The response to Katrina thus far indicates two flaws in the Bush administration's thinking about homeland security. The federal government hasn't learned how to plan for a tragedy that demands putting a city on sustained life-support, as opposed to a one-moment-in-time attack that requires recovering the dead and injured from debris and then quickly rebuilding. And DHS appears unwilling to plan for the early use of the U.S. military to cope with a civilian tragedy. Presidential administrations have perennially underestimated the difficulty of the latter task. In 1962, President John F. Kennedy's top aide, Kenneth O'Donnell, thought it would be easy to deploy troops rapidly to defend James Meredith when he was attacked by segregationists while trying to enroll as the University of Mississippi's first black student. "If the President of the United States calls up and says, 'Get your ass down there,' " O'Donnell said, "I would think they'd be on a fucking plane in about five minutes." Kennedy made that call. But then, in spite of O'Donnell's prediction, he watched in frustration as the army dithered for hours before deploying to Oxford, Miss.
The Kennedy administration thus learned that the army must be told in advance what to do. As a matter of law and preference, the military does little training for domestic missions. It balks and mutters about posse comitatus, the legal principle that prohibits the use of the army for law enforcement, and leaves the hard work for the National Guard and state and local authorities. This has made sense most of the time. But in an era when we are supposed to be better prepared for an urban disaster, the tradition of allowing local and state authorities to be overwhelmed before the federal government and military step in should have been rethought.

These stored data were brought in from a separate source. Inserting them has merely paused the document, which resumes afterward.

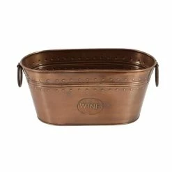 4 qt. 4-Bottle Bronze Metal Wine Cooler with Ring Handle and Studded Nail Accents by Benjara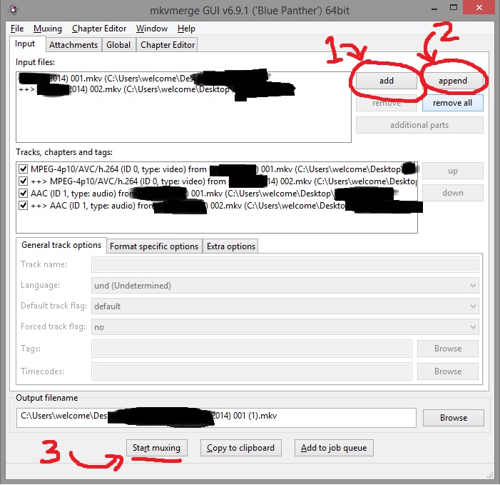 3. Append the 2 files [one which is ending at 0:01:20 (FILE C) + one which is starting at 0:05:45(FILE B)] using mkvmerge GUI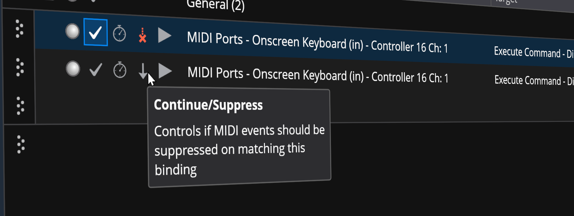 - Suppress - when a MIDI event matches the binding, the binding is triggered but all further matching and routing of the event is suppressed. For example, this can be handy when mapping MIDI notes to actions and you don't want the note to play a sound. Because the routing is suppressed, the note will never reach any plugins it might otherwise be routed to.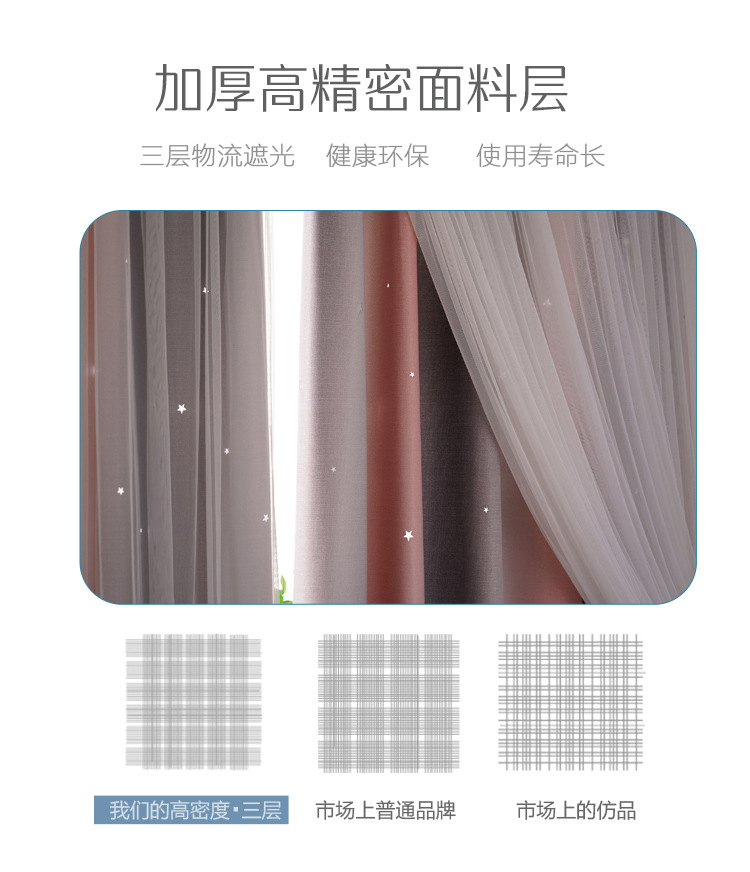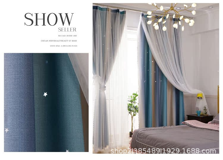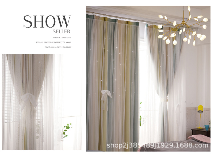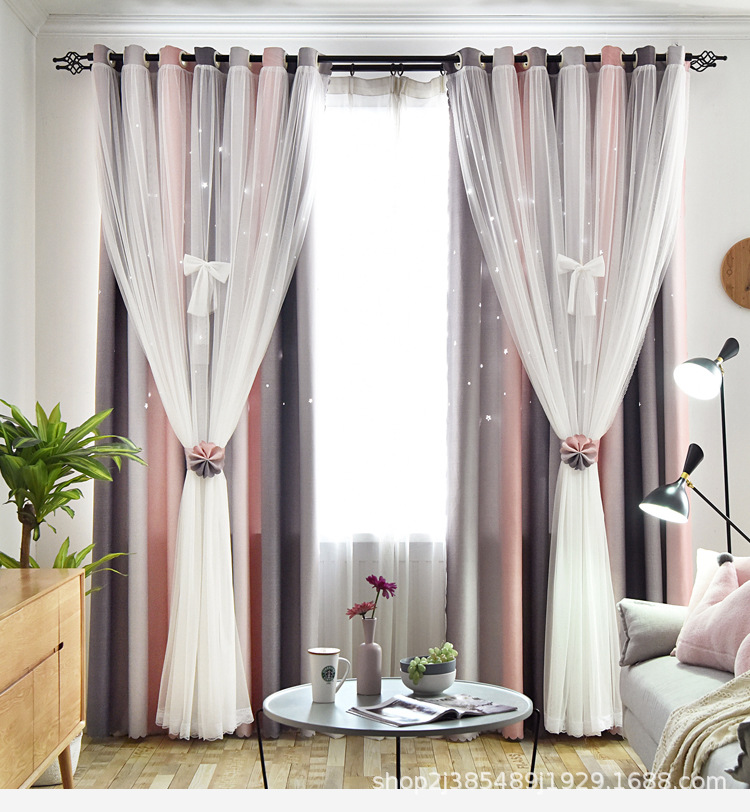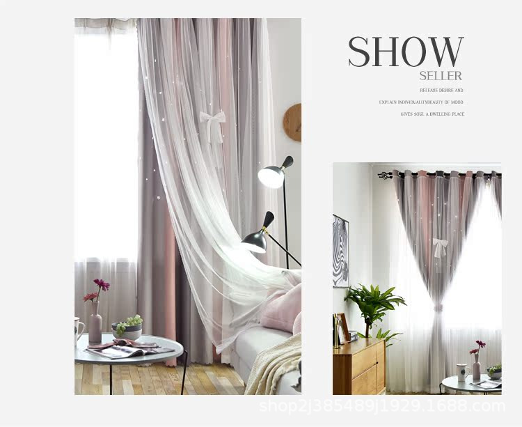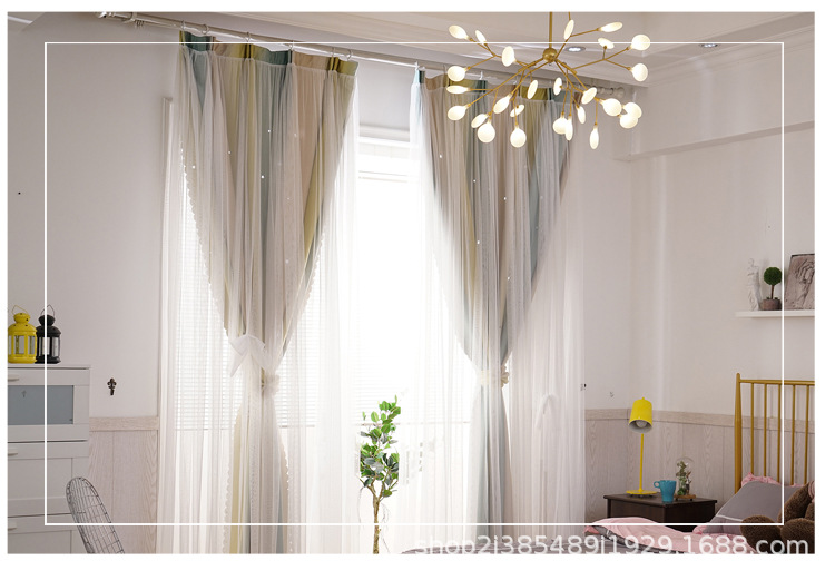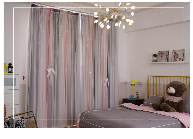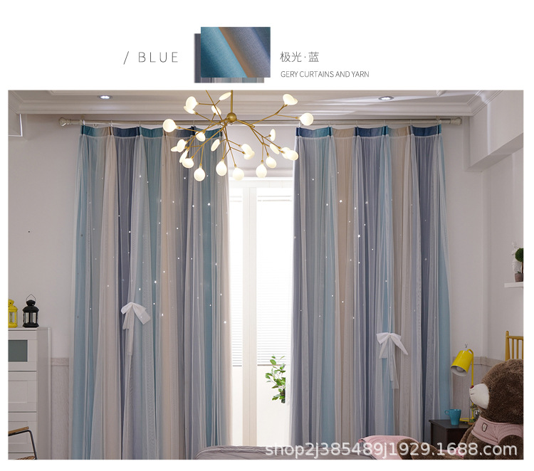 새로운 더블 레이어 그라디언트 창 화면 통합 커튼 공주 바람 침실 베이 창 어린이 방 음영 침실 장식스토어 가기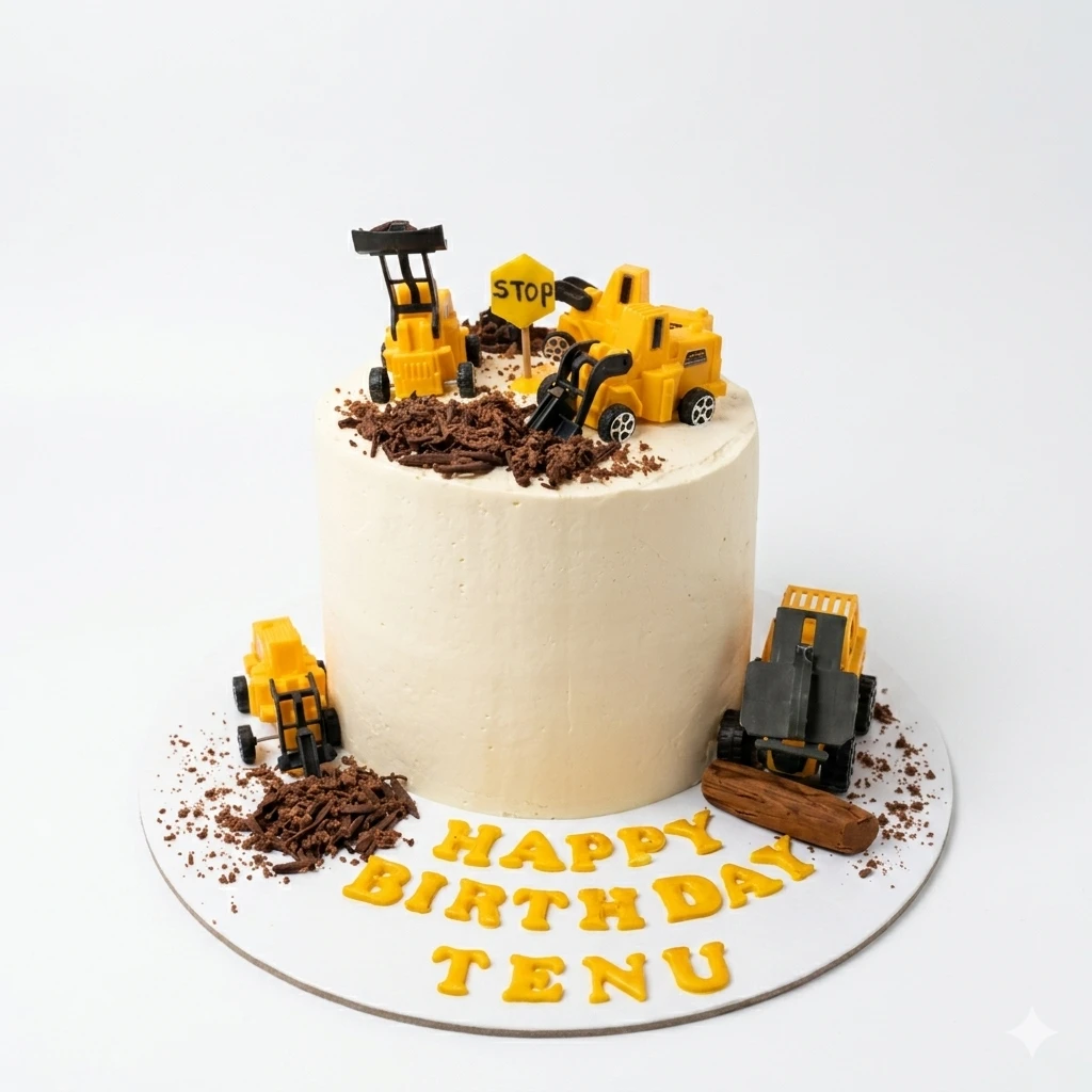 දරුවා ගේ උපන්දිනය වඩාත් වර්ණවත් කිරීමට, කුඩා පිරිමි ළමුන් වඩාත් කැමති ඉදිකිරීම් යන්ත්රෝපකරණ සහිත, අලංකාර Cream, Yellow, සහ Dark Brown පැහැයන්ගෙන් හැඩ වූ, "Happy Birthday (Name) " යනුවෙන් සිංහලෙන් හෝ ඉංග්රීසියෙන් සඳහන් කර නිර්මාණය කළ මේ කේක් එක පිරිනමන්න. ඔබේ විශේෂ දිනය තවත් අමතක නොවන එකක් කරනු නිසැකයි
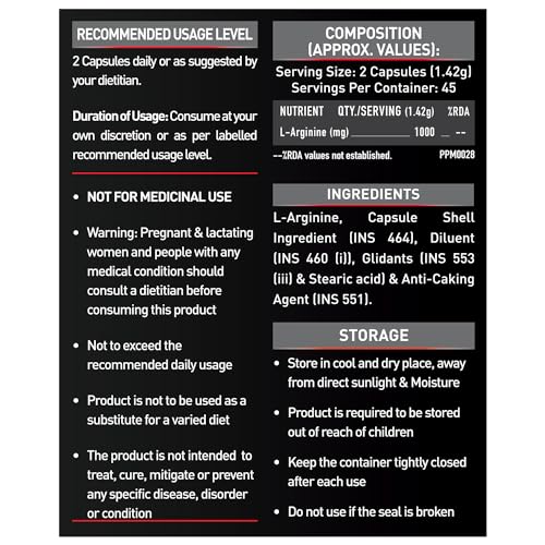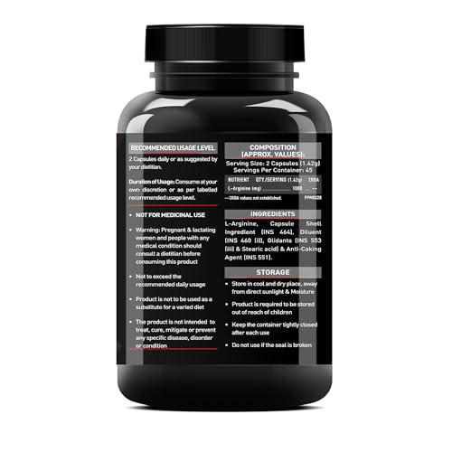 • RECOMMENDED DOSAGE: Consume one MuscleBlaze L Arginine capsule every day with a glass of water or as recommended by your dietician. The best time to consume L Arginine capsule is in between meals or before bedtime. Do not take more than two capsules a day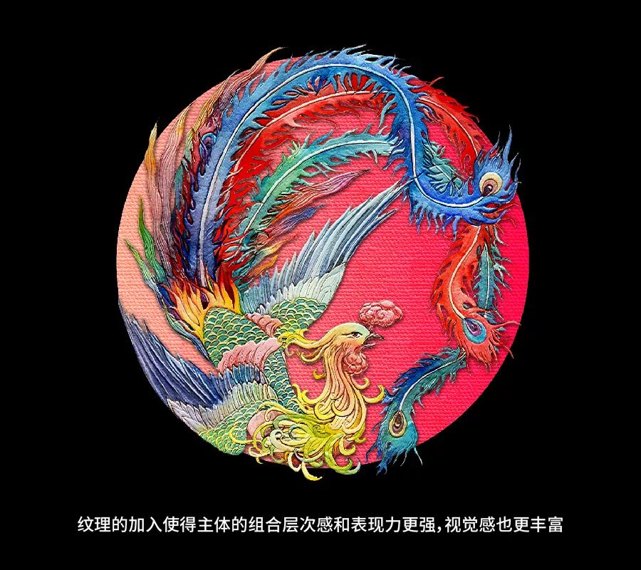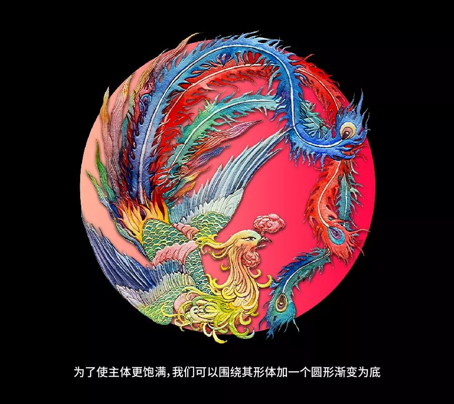 虽然调整好了,但素材的负空间比较多,比较零碎,所以我们可以为他加入一个底,最好贴合着形体来,我这里加了一个渐变的圆形,形式贴近中国特色民族传统工艺之一的刺绣,与活动主题契合不少。
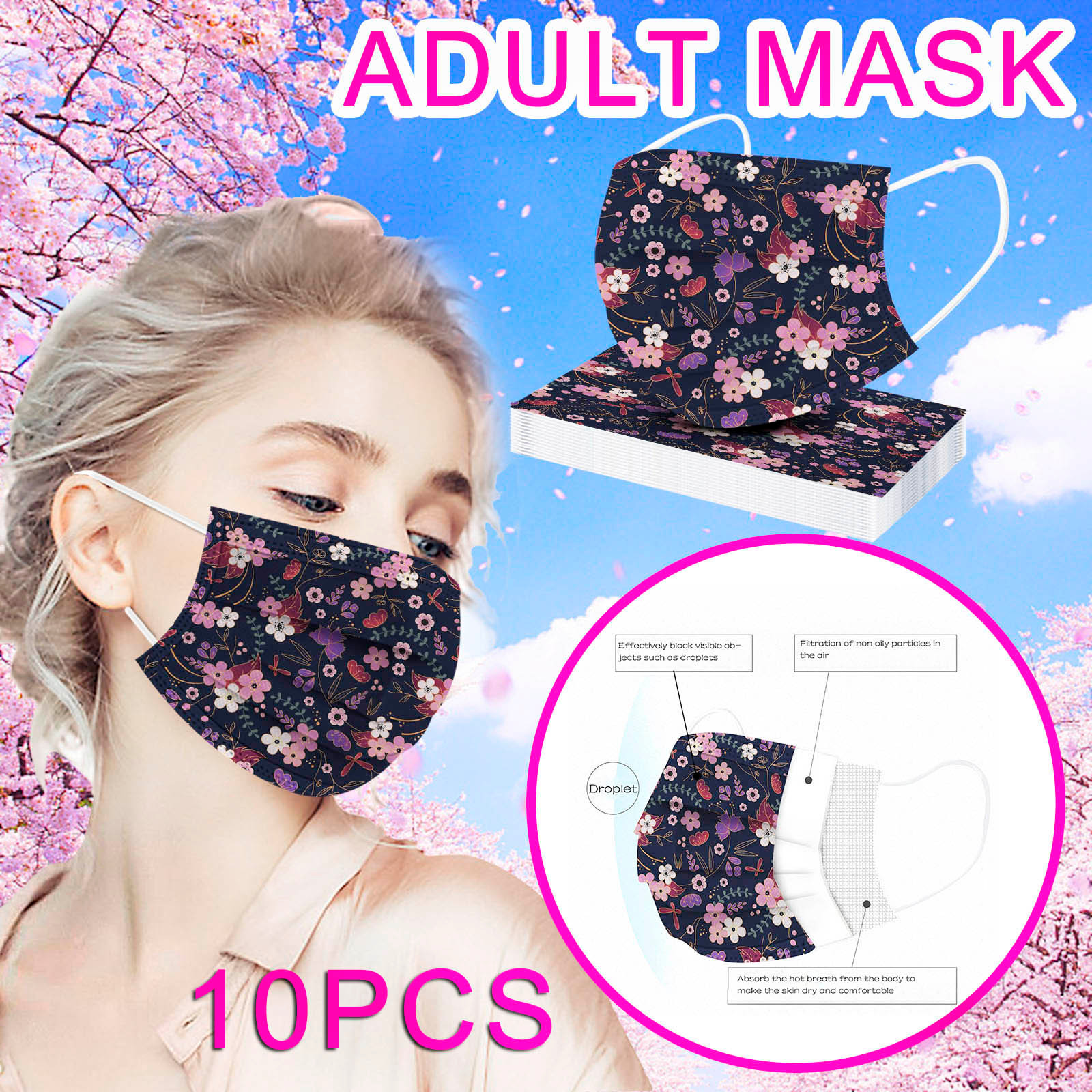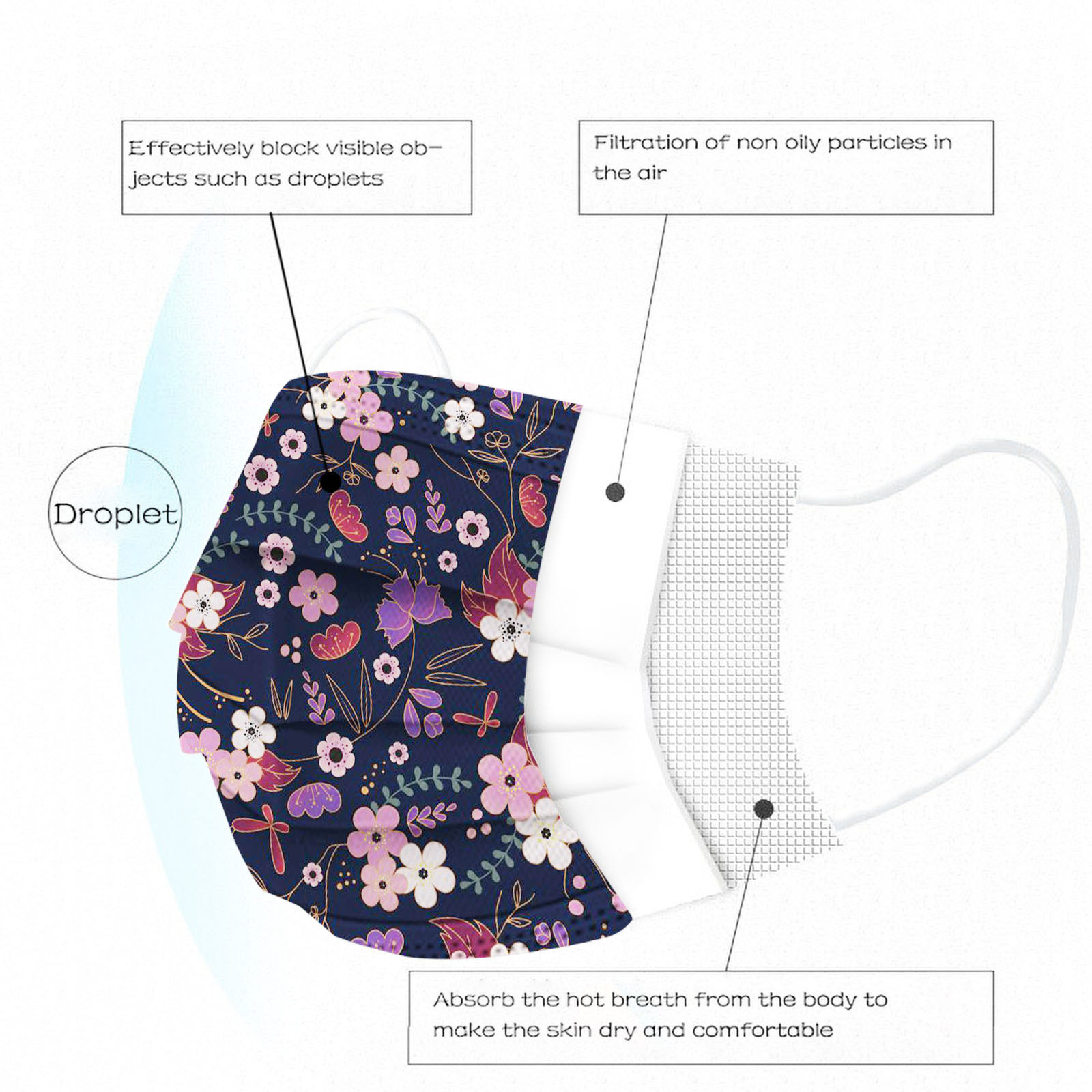 В 3 слоя Нетканая одноразовая маска изготовлена из 3 слоев нетканого материала, Безопасен и безопасен для использования. Дышащий материал и милый Узоры, которые делают его полезным и модным. Специальный 3 слоя из нетканого материала Дизайн, обеспечивает некоторую защиту от пыли, автомобильных выхлопных газов, Пыльца и т. д. эластичная Ушная петля, легко носить и не давит на уши. Маникюрный салон или любые другие области, где может потребоваться защита

Located only three hours from New Orleans is Fort Polk, home of the 4th Brigade of the 10th Mountain Division, a light infantry unit with about 3,000 soldiers. Also at Fort Polk is the Joint Readiness Training Center, which prepares military units to respond rapidly to crises abroad. The 4th Brigade has been training for duty in Afghanistan. Why was it also not ready to take on a local disaster scenario in hurricane season? Or at the least, once the National Hurricane Center predicted that the eye of Katrina would come close to New Orleans, couldn't DHS have deployed the military to help shore up the levees?
And in the event of a WMD attack, when there would likely be no warning at all, what is DHS's contingency plan for moving into position the army or the marines to restore order and sustain life? In the wake of Katrina and the breached levee, the answer seems to be not much of one. In the wake of 9/11, that is worse than incomprehensible. It is unforgivable.
Tim Naftali, currently a national security fellow at the New America Foundation and a former director of the Richard Nixon Presidential Library and Museum, is writing a book on the Kennedy presidency for publication in 2013.